• **ACTIVITY**
For this exercise, write out the full listing that follows exactly and skip its pictures.

• **DATA SEGMENT**
==*==

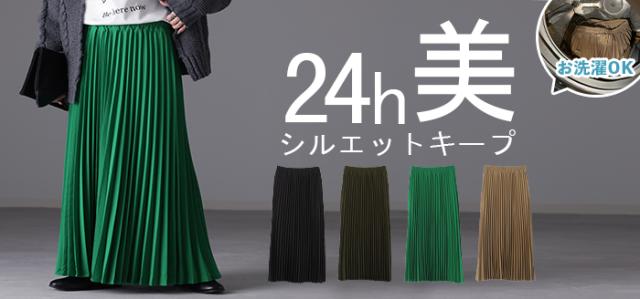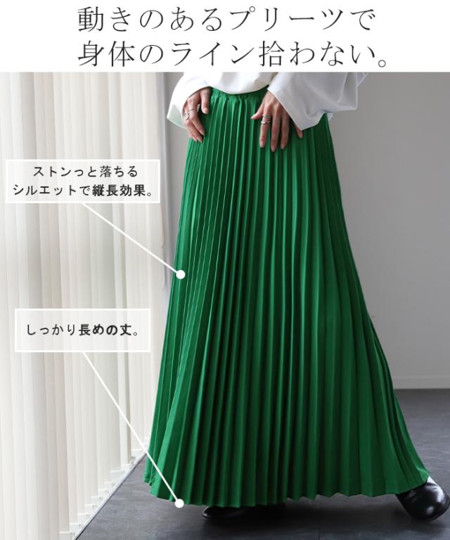 【冬SALE】 洗える 『 美シルエットキープ 』 プリーツ スカート レディース ボトムス ロングスカート ロング マキシ マキシスカート プリーツスカート 大きいサイズ 体型カバー フレア ゴム ウエストゴム Aライン 大きいサイズ 無地 グリーン 冬 秋 HUG.U 秋新作
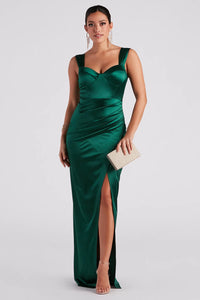 A luxe style with stunning detail, unveil modern glamour in the Lorelli formal satin dress at banquets and bridesmaids. She features a sleeveless sweetheart neckline, wide shoulder straps, a lightly padded bust, a corset-seam bodice, and an asymmetrical wrap skirt with a slit along the floor-length hem. The formal dress is composed of buttery smooth satin fabric with minimal stretch. Style this long dress with a clutch and block heels to complete the look!
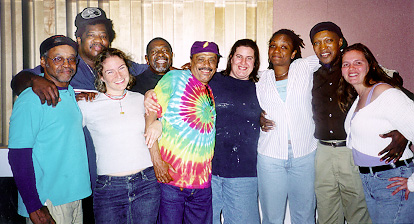The Persuasions and Mary Schmary. Left to right: Jayotis Washington, Jerry Lawson, Desiree Pointer, Joe Russell, Jim Hayes, Cynsa Bonorris, Myriam Casimir, Ray Sanders, Alyn Kelley

==*==

• **WRITTEN ANSWER**
 【冬SALE】 洗える 『 美シルエットキープ 』 プリーツ スカート レディース ボトムス ロングスカート ロング マキシ マキシスカート プリーツスカート 大きいサイズ 体型カバー フレア ゴム ウエストゴム Aライン 大きいサイズ 無地 グリーン 冬 秋 HUG.U 秋新作
 A luxe style with stunning detail, unveil modern glamour in the Lorelli formal satin dress at banquets and bridesmaids. She features a sleeveless sweetheart neckline, wide shoulder straps, a lightly padded bust, a corset-seam bodice, and an asymmetrical wrap skirt with a slit along the floor-length hem. The formal dress is composed of buttery smooth satin fabric with minimal stretch. Style this long dress with a clutch and block heels to complete the look!
The Persuasions and Mary Schmary. Left to right: Jayotis Washington, Jerry Lawson, Desiree Pointer, Joe Russell, Jim Hayes, Cynsa Bonorris, Myriam Casimir, Ray Sanders, Alyn Kelley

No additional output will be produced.